I have a couple of public speaking engagements coming up, and I have to fight the primal urge to get nervous. Sure, you say, it is natural to get a little biled up before a speech. But you don’t understand.
I get nervous because I have bombed before. I know what it is like.
Garth Brooks recorded a song called “The Dance,” in which he sings:
And now I’m glad I didn’t know
The way it all would end, the way it all would go
Our lives are better left to chance
I could have missed the pain
But I’d of had to miss the dance.
Well, Garth, I DO know the way it all might end; the way it all might go. If some of my speeches were dances, I would be the guy with two left feet. I would drop my partner when I dipped her. In “Dancing With The Stars,” I would have been eliminated before the first commercial break.
A few years ago I gave a speech to the Navy League in Monterey. I had prepared pithy comments to go with some cartoons that were to be projected on a screen. The idea was to be my own straight man. I would give a serious, dry speech, but the cartoons would contradict everything I said. It would be hysterical.
The projector didn’t work.
I was forced to “kill time” while they worked on the equipment. Unfortunately, I am not a stand up comedian, and the audience wanted to laugh. I was this guy:
[youtube]http://www.youtube.com/watch?v=-5zSEJMNYhE&feature=related[/youtube](They didn’t have a ghost.)
When the projector finally got fixed, I started into my routine. “I can salvage this,” I thought to myself. “I’ll kill ’em with the cartoons.”
No one laughed.
Finally, from the back of the room, someone shouted, “We can’t see them (meaning the cartoons).”
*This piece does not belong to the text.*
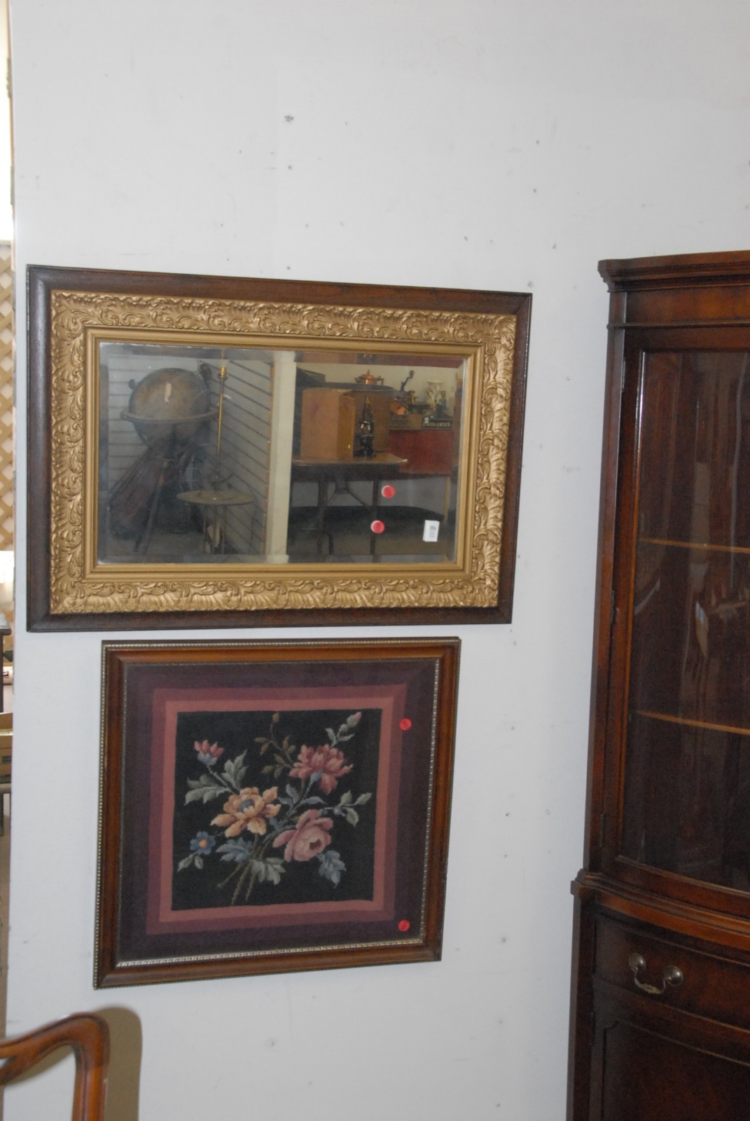 Two piece lot to include gold frame mirror and a framed needlepoint

So I had to scrap the speech and read the cartoons to the audience. Then explain them.
One of the first rules of cartooning is that if you have to explain the joke to someone, it isn’t funny.
I had to explain all of them.
By the time I finished, sweat was pouring down my back like Niagara Falls. I had tunnel vision. My lips were quivering – I fought the urge to whimper. My rush to the door seemed like it was in slow motion. It was like those nightmares when the monster is chasing you and your legs feel like they are stuck in quicksand.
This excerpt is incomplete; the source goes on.